I remember my friend trying to fry one of these guys with a magnifying lens when we were kids. The poor thing rolled up in it's little ball and a minute later we heard it sizzling. But I guess that's no worse than what this guy went though in order for me to be able to put him into the microscope. Sample processing for SEM of biological material consists of fixation with aldehydes and Osmium tetroxide, dehydration with a graded series of alcohol, something called critical point drying, and finally sputter coated with gold. Obviously the insect wasn't alive during all of this. I put him in the refrigerator beforehand. The cold puts them into a sleeping/hibernation mode. Likely he felt no pain.
These images were captured on a Hitachi 2700 SEM.

Guppy Eye

If you couldn't tell by now, I did a big project with guppy embryos when I was in school. Here's another image. Click to enlarge.
This is a 500 nm thick cross section of the eye of a guppy embryo. The lens (bottom part) of the eye was a bit deformed, but I think the rest of it survived the sample processing in tact. It was stained with Polychrome Blue and imaged on an optical light microscope. The interesting thing about this image is how it was constructed. I used a 40x lens and captured about 40 images. They were then manually stitched together in Photoshop (I was using CS1, when there was no option to do it automatically). Once completed, the image was 14,400 x 10,800 pixels (about 155 megapixels) and storage about a half of a gigabyte! I drastically reduced the size in order to publish it here, but I think it still looks pretty crisp. The original version could be zoomed in and viewed at high magnification.

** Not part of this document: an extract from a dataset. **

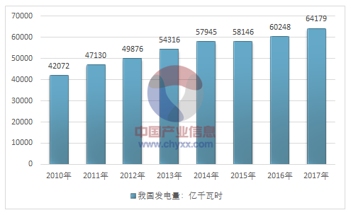 2010-2017年我國發(fā)電量走勢

D'na..d'na, d'na, d'na, d'na..wrEEEEEEEE! *jaws theme*

Did you know that guppies have teeth? I didn't 'till i put it in the SEM. This is another one from the guppy embryos back in school.

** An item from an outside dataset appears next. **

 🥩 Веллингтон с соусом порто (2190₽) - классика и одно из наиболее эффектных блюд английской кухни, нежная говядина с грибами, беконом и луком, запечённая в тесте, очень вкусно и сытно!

These images were taken on a Hitachi2700 SEM.

DLP Mirrors

Here's another entry of some images from when I was back in school. One day, my professor (Bill Carmichael at MATC Madison) brought in a DLP chip from a DLP projection television. The concept of how a DLP television works is quite unique. The chip is set up as an array of tiny little mirrors. Each one moves individually to project tiny bits of the image. With most DLPs, each mirror is responsible for one pixel.


Due to a mishap in the sample preparation of the chip, some of the mirrors fell off of their mechanical posts. This turned out to be a happy accident as it exposed the machinery so that more than just an array of mirrors could be seen. I captured these images on a Hitachi 2700 Scanning Electron Microscope. Click on each image to enlarge them.

A few pics

Let's add some fun pics. I've been in the EM field for a few years now. Here are a few images from back in school. All can be clicked to view them larger. More current work will follow.
This is a diatome. In the background are broken up ones. This was gathered from some diatomaceuos earth that we bought to keep slugs away from the veggies we were growing. The image was gathered with a Hitachi 2700 SEM and colorized in Photoshop.


This is some moss I found growing between two pieces of sidewalk. The image was gathered with a Hitachi 2700 SEM and colorized in Photoshop.


Here are a few images of some gills from a guppy embryo. Some were freeze fractured with liquid nitrogen to expose the contents. The images were gathered on a JEOL 840 SEM. One was colorized in Photoshop.